In what is a curious surprise arrival from Netflix, on Thursday the streaming service offered up a new stand-up special from one of our most important comedians – “Dave Chappelle: What’s In A Name?” In keeping with his infamous inflexibility, Chappelle addresses head-on the most recent controversy of sorts to surround him. What makes this release notable is not only how he addresses things, but where.
Recently, the news came out that the comedian was to be honored by the school he had attended in Washington D.C., The Duke Ellington School for the Arts. The announcement last fall was that a theater would be named after Chappelle, but then he staged a question-and-answer session with students from the school and faced significant resistance. This was a result of the then swirling social outrage to his Netflix release “The Closer.”

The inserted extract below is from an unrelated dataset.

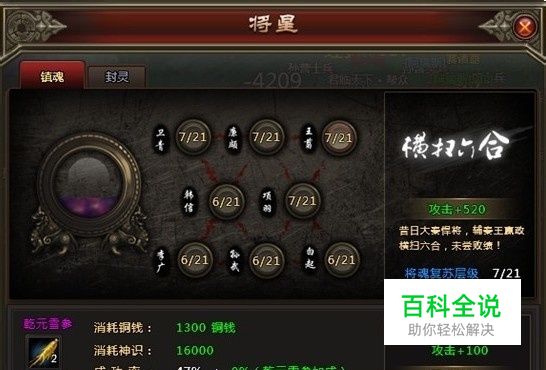 【早期攻略】 游戏的早期,除了冲级以外,成长线的【医道】、【将星】、【奇术】也是首当其冲需要提升的。 这就涉及到上面说的刷任务了,将在任务中所得的【神识】、【铜钱】,全部砸到这三个系统的属性加成中。早期的战力就是这样一点点叠上去的,还真别说,效果那叫一个响当当! 【将星】 镇魂是早期抢占高战力的第一个里程碑,只要一有【神识】就点它!在此给点小建议:乾元雪参有的话就用,没有的话也不需要刻意买了。一个就加一点成功率,一次只能用两个,鸡肋产品。 不过镇魂到了6,7以后,【神识】不足将是很大的问题。有充足元宝的大大们,可以去商城买神识丹,直接强补神识冲上去!比较经济的亲们就只能等做任务,慢慢积累啦~封灵的话,纯粹的元宝消费系统,砸上去会加不少战力。不过就看个人能力啦。 【医道】 青囊就是之前所说的那个需要野外打怪掉道具的系统啦。纯人力活儿~不过集满打怪道具以后,还得有青囊脉针来进行最后的冲刺。对于初级玩家来说,不得不说这是一个好的晋升战力途径。 五禽戏的进阶对于普通玩家来说,需要一点一点累计。每天的副本可以掉落一些相关的道具,但是很有限。
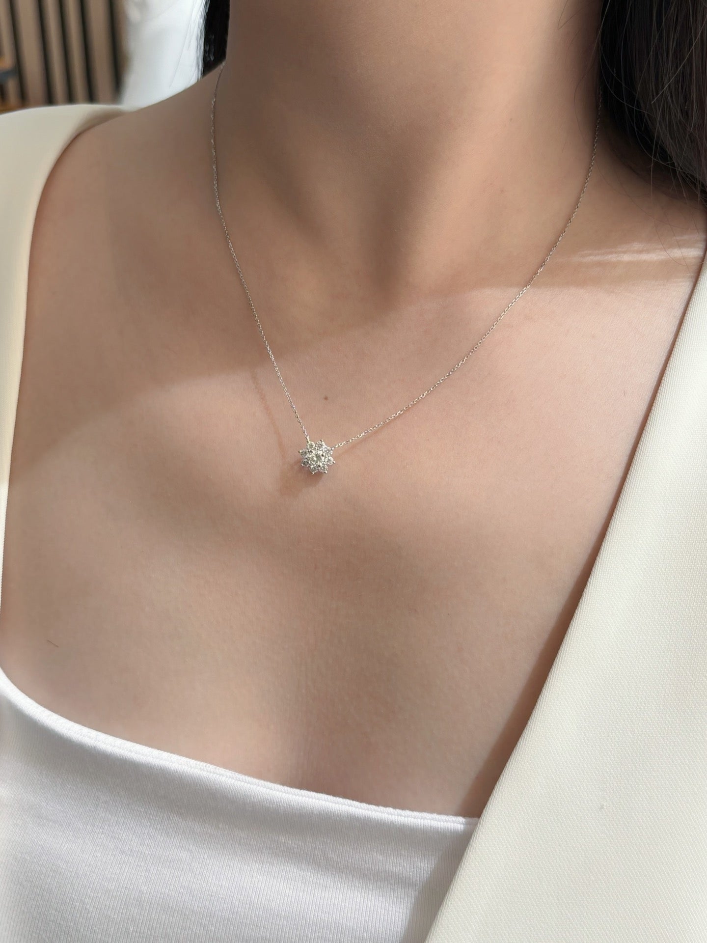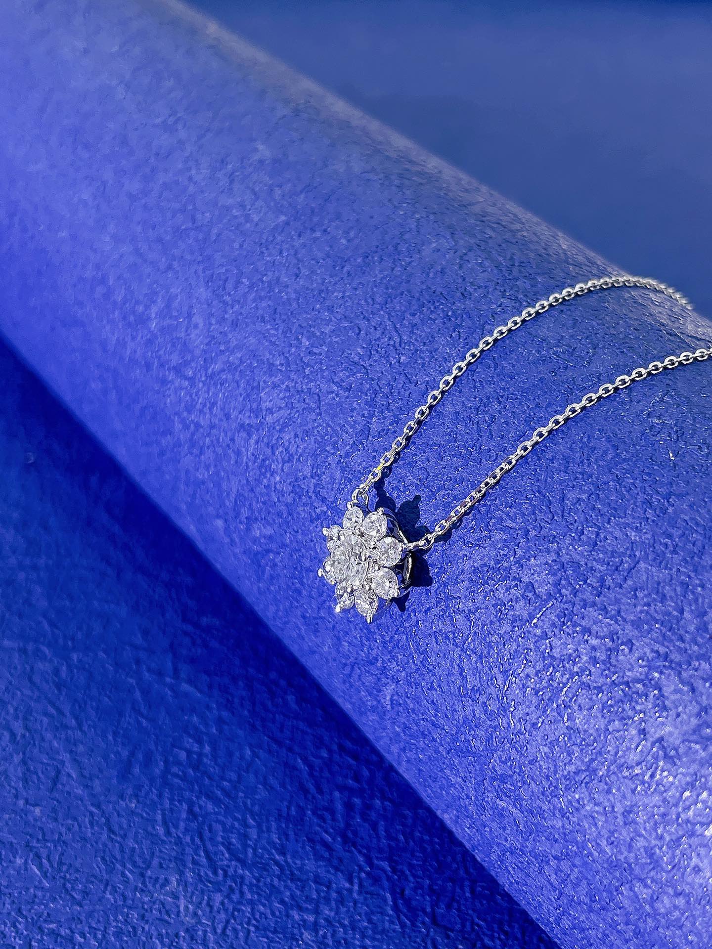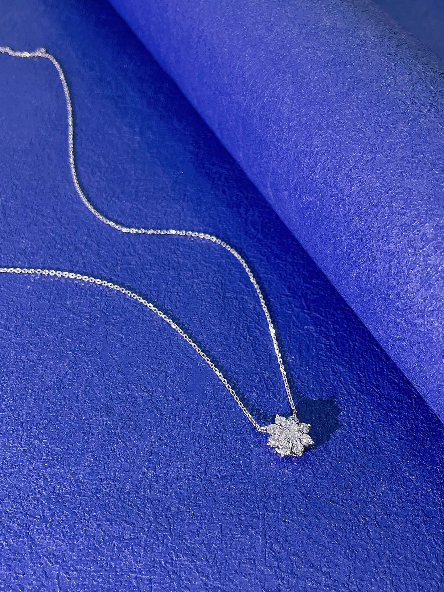 Elevate your elegance with our exquisite 18K Cultured Diamond Sunflower Pendant, featuring a stunning D0.32ct centerpiece surrounded by a sparkling halo of d0.45ct accent diamonds. This pendant, weighing a total of 2.46g, exudes a timeless beauty that’s sure to captivate any audience. Crafted to perfection, it’s a jewelry piece that symbolizes luxury and sophistication. Embrace the allure of this unique sunflower design, where every detail sparkles with promises of enduring elegance. Enhance your collection or gift someone special with this masterpiece of jewelry that’s destined to become a cherished heirloom. Explore the enchantment of fine jewelry and make this exceptional pendant a part of your story today.

The students had challenged the comedian over his program, echoing many of the words heard in the media from offended groups and activists. After the session, Chappelle was affected and on the night of the ceremony to announce the re-naming, he came out to announce that he was refusing the offer.
In the new special, Dave spends much of the time detailing his past, and what the school meant to him. In one portion, he poignantly talks about the difficulty of leaving a rough institution in the era of the crack epidemic in D.C., describing the array of strange faces at Ellington as “refugees from the neighborhood schools.” He also touches on the time he quit his Comedy Central program, and rebuilding his career in the name of the art.
About 30 minutes in, he begins to describe the recent news regarding his cherished school. In discussing that Q & A session he explains how he fielded the criticism about his special and asked the students, “I remember I said to them, ‘what do you think I did wrong?’ – and a line formed.” He then describes what transpired, and what the problem specifically had been.
“These kids said everything about gender and this, that, and the other, but they didn’t say anything about art. But that one, that day – boy, that day, they hurt me. When I heard those talking points coming out of these kids’ faces, that really, sincerely hurt me. Because I know those kids did not come up with those words – I’ve heard those words before. These kids didn’t understand that they were instruments of oppression.”
Then Dave moves on to the important aspect of what he does, and why that is so important. He instills a cold fact that the auditorium would be wise to digest–that they should be doing the opposite of constricting expression because they are actually constricting art.
“The more you say I can’t say something, the more urgent it is for me to say it. It has nothing to do with what you’re saying I can’t say. It has everything to do with my right – my freedom – of artistic expression.”
He talks about making the announcement on stage he decided to pass on having the building rechristened in his honor. So he said, rather than giving this building his name, he was giving the students his message. He announced that, instead, the building would be referred to as The Theater For Artistic Freedom & Expression. As he unveiled this new title, he received a standing ovation.
This 40-minute special is not a typical stand-up, obviously; it is a lesson plan. Chappelle shows how to handle the left’s hyperbolic social reactions. You do not need to cower and shrink. Standing up for yourself, your freedoms, and your position is a noble effort, and it takes some strength. But in the end, doing the right thing beats back the hordes.
Chappelle shows us those hordes only have their outrage; they do not have any weight. Your content and character will make those hectoring masses shrivel.